**How to complete this task**
Keep to the lines from the one with "个别办公室根据当地濒危植物命" through the end of the data, and write them out exactly.

**Data to process**
========

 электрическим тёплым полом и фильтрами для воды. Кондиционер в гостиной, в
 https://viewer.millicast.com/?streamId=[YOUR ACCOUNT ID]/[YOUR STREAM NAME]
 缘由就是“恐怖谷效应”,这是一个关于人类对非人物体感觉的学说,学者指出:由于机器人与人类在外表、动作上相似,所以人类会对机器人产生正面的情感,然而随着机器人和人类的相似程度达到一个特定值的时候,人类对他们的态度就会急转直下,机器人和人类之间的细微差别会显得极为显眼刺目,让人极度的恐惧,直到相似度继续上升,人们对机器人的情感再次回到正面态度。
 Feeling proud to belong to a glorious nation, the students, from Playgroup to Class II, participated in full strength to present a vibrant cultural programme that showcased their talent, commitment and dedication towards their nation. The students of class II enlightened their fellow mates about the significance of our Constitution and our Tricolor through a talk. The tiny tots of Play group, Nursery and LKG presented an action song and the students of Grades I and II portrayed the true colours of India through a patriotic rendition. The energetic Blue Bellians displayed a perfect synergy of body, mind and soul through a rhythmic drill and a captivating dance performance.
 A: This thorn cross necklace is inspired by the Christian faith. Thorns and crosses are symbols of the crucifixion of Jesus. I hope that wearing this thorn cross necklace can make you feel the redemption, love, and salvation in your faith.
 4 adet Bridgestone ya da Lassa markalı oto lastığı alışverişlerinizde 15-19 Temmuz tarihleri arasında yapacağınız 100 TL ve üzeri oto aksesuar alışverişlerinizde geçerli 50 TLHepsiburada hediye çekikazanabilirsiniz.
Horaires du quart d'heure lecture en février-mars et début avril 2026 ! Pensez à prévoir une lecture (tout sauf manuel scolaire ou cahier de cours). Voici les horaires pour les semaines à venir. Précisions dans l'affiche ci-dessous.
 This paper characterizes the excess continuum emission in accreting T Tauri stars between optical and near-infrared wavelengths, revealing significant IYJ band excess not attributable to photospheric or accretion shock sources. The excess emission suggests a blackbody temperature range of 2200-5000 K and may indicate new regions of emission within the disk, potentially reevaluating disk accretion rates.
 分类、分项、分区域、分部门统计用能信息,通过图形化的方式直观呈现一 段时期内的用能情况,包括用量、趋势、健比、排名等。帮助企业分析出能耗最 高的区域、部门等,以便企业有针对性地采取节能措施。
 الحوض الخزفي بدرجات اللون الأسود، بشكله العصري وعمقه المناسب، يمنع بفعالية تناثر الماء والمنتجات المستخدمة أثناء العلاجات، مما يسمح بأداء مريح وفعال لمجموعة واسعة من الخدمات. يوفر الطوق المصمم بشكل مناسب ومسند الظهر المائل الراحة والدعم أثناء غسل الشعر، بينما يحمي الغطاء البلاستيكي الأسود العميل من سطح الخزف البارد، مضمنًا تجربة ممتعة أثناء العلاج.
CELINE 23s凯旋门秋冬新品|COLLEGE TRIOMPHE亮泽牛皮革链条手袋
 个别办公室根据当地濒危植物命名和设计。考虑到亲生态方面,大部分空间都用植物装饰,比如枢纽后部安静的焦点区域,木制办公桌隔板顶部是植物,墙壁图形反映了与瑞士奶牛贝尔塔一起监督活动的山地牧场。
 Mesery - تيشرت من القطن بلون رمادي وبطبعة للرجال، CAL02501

========

**Exercise answer**
 个别办公室根据当地濒危植物命名和设计。考虑到亲生态方面,大部分空间都用植物装饰,比如枢纽后部安静的焦点区域,木制办公桌隔板顶部是植物,墙壁图形反映了与瑞士奶牛贝尔塔一起监督活动的山地牧场。
 Mesery - تيشرت من القطن بلون رمادي وبطبعة للرجال، CAL02501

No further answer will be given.